IANAS (I am not a Swede) but played an Ikea pension manager recently in a horror TTRPG (https://www.reddit.com/r/rpg/comments/fxr7ah/dread_i_adaptedwrote_and_ran_an_adventure_called/), so I spent the evening before researching the pension system in social democracies, and this is what I found:

In Sweden, the government pension is funded by a roughly 17% withholding on wages. Social Security in the US is around 13% (half paid by employer) and funds about 40% of a salary (not sure I believe this but that’s what is said). In Sweden, the government pension replaces about 60% of a salary at retirement.

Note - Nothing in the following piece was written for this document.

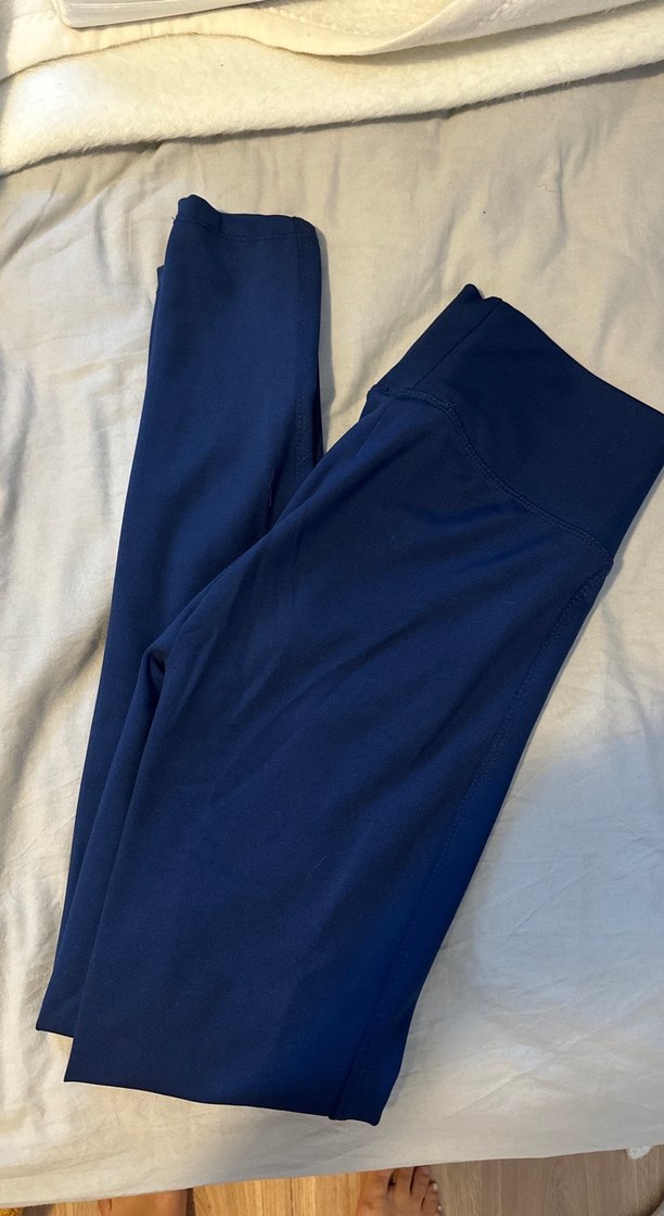 Lacivert renkli, vücuda oturan kadın spor tayt, midi boy ve pürüzsüz sentetik kumaştan, günlük sokak stili için rahat ve şık.
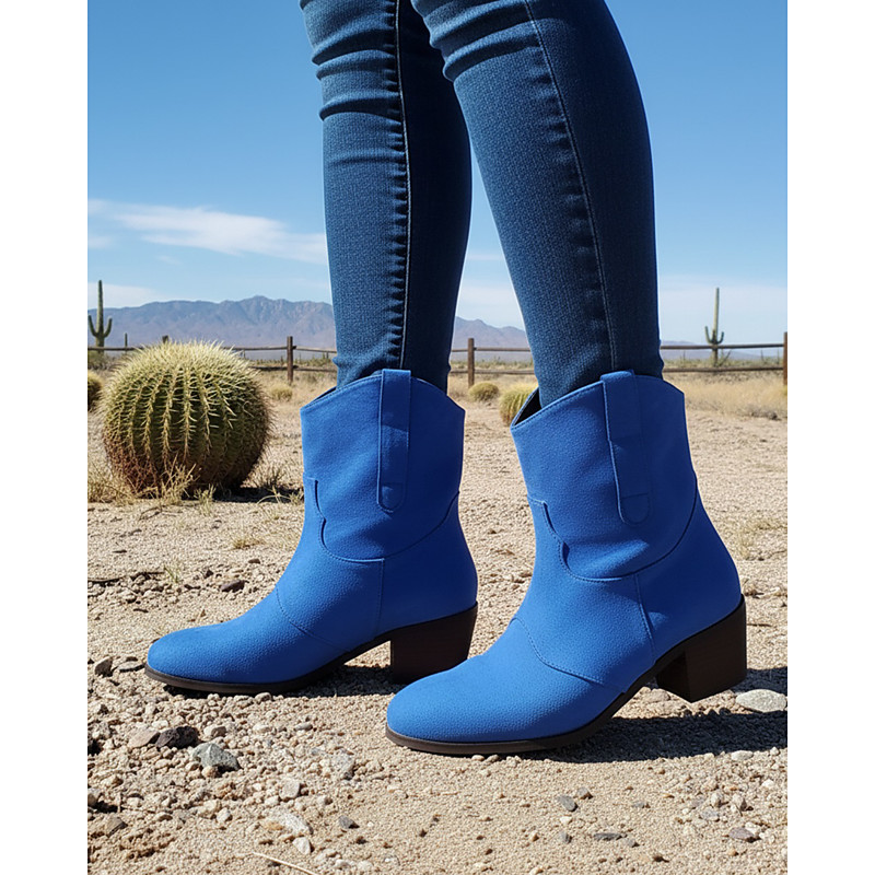Women's Brown Faux Suede Western Ankle Boots – Vintage-Style Low Heel Cowboy Boots for Casual Outfits

Lesson for US: We need to up SS contributions, payouts, and remove the salary caps for high earners so there’s proper, fair funding.

On top of that is a corporate pension, because a good chunk (not sure exact percentaes) of the private sector is unionized. The withholding is around 3% to an employee’s wages (the corporation puts more in themselves I think). This is invested in Swedish and international stonks.

On top of that is the ability of Swedes to invest personally. However, since the pension system is so robust, only 50% of Swedes have any private investments at all, because ultimately they aren’t even needed because the pension salary suffices. The combination of multiple pensions give Swedes a comfortable retirement, that they don’t need to supplement. Very few choose to (<50%).

There is a needs based gov pension for anyone (stay at home moms… dads…) who didn’t work during their career, too.

That means the majority of Swedish stocks are owned by pensions (both corporate and government). The ownership by individuals is very small, compared to US. This is the markers of a healthy social democracy, imo. When you don’t even need the populace to own stocks individually, except if you’re into that sort of thing. In US, if you dont invest in index funds personally you can’t pay your bills in retirement. That’s the privatization failure — individually are privately responsible for covering their ass in retirement. 401ks (deferred contributions) suck compared to defined benefits (pensions), since no one is taught how to properly cover their ass by investing at Vanguard. Not the government, not your employer, not even Vanguard NPCs unless you seek them out. You’re entirely on your own!

The pensions invest in the Swedish corporations listed on the stock exchange there, plus international markets. This funds their growth and the payout of the pensions to retirees. Yes, corporate earnings are on the worker’s back, but that’s why we’re missing for our society - widespread unionization with corporate pensions collectively bargained, with the obligation regulated by the government.

There are also laws that workers must have minimum 40% of the company board seats. Nothing like that exists here.

So the ticket seems to be widespread unionization, a more robust social security - taking out 17% instead of 13%, and wide spread corporate pensions that helps replace salaries in retirement. Have that and you create a social democracy where the need to own “your little index funds” (“so you don’t have to eat dogfood in retirement,” as HamNo says) is entirely optional!

Social democracies are happier than uber-capitalist countries. How do we get there, though?

Bernie Sanders has proposed a Social Security Expansion Act and a Pension for All Act. I would love to see either changes in my lifetime.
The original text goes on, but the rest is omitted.